Testing (Intel side):
- Perf-based legacy vPMU (force emulation on/off)
* Kselftests pmu_counters_test, pmu_event_filter_test and
vmx_pmu_caps_test pass.
* KUT PMU tests pmu, pmu_lbr, pmu_pebs pass.
* Basic perf counting/sampling tests in 3 scenarios, guest-only,
host-only and host-guest coexistence all pass.
- Mediated vPMU (force emulation on/off)
* Kselftests pmu_counters_test, pmu_event_filter_test and
vmx_pmu_caps_test pass.
* KUT PMU tests pmu, pmu_lbr, pmu_pebs pass.
* Basic perf counting/sampling tests in 3 scenarios, guest-only,
host-only and host-guest coexistence all pass.
- Failures. All above tests passed on Intel Granite Rapids as well
except a failure on KUT/pmu_pebs.
* GP counter 0 (0xfffffffffffe): PEBS record (written seq 0)
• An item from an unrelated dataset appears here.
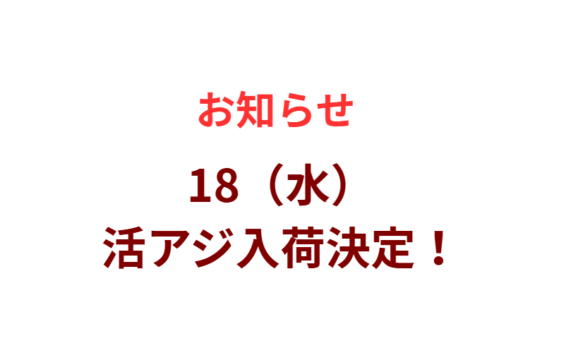 活アジ、次回入荷18(水)午前9時ごろ入荷します。 お知らせ 2025.06.15 25センチほどの大きなアジになります。 1000匹ほどしか入りません。 価格上がっていますが、そのまま275円(税込)とさせていただきます。

is verified (including size, counters and cfg).
* The pebs_data_cfg (0xb500000000) doesn't match with the
effective MSR_PEBS_DATA_CFG (0x0).
* This failure has nothing to do with this mediated vPMU patch set. The
failure is caused by Granite Rapids supported timed PEBS which needs
extra support on Qemu and KUT/pmu_pebs. These extra support would be
sent in separate patches later.
Testing (AMD side):
- Kselftests pmu_counters_test, pmu_event_filter_test and
vmx_pmu_caps_test all pass
- legacy guest with KUT/pmu:
* qmeu option: -cpu host, -perfctr-core
* when set force_emulation_prefix=1, passes
* when set force_emulation_prefix=0, passes
- perfmon-v1 guest with KUT/pmu:
* qmeu option: -cpu host, -perfmon-v2
* when set force_emulation_prefix=1, passes
* when set force_emulation_prefix=0, passes
- perfmon-v2 guest with KUT/pmu:
* qmeu option: -cpu host
* when set force_emulation_prefix=1, passes
* when set force_emulation_prefix=0, passes
- perf_fuzzer (perfmon-v2):
* fails with soft lockup in guest in current version.
* culprit could be between 6.13 ~ 6.14-rc3 within KVM
* Series tested on 6.12 and 6.13 without issue.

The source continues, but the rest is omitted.